At VTIREF, our research on multi-functional materials such as erroelectrics, piezoelectrics and multiferroics is driven by numerous long-term technological objectives, such as state of the art sensors and actuators, energy-harvesters, nonvolatile memories, spintronic devices and so on. A major slice of our efforts emphasizes on exploring the fundamental science to gain deeper understanding about structure – property relationships, which consequtively can bring about a momentous shift in the research and applications of these materials.
To be precise, this research broadly strives to establish the corelation between crystallography, crystallographic anisotropy, domains and domain dynamics on electro-mechanical behavior of ferroelectrics, piezoelectrics and multiferroics. In one of our recent investigations, we developed a comprehensive mathematical framework to quantify the domain switching behavior of polycrystaline ceramics. This framework is fairly sucessful in differentiating the switching behavior of several well-known piezoelectric compositions.

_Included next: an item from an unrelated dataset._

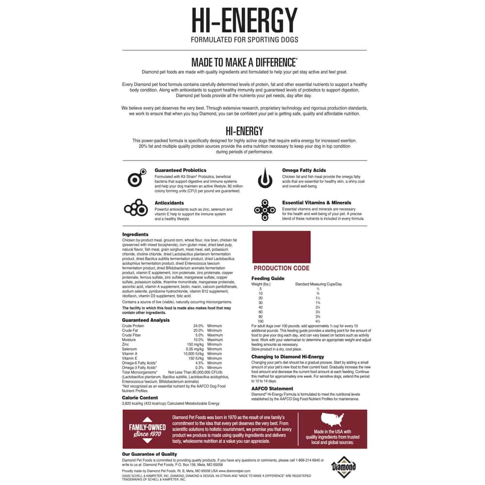 Diamond Hi-Energy Formula Dry Dog Food Directions:

Another facet of our research in this field focuses on the advancement of the functional behavior of several technologically vital multi-functional materials to advance their feasability for device applications. We utilize noble scientific methods and processing techniques to engineer key functional properties of materials such as alkali niobate, bismuth ferrite and other lead based perovskites. We intend to utilize some of these materials with improved functional behavior for device applications.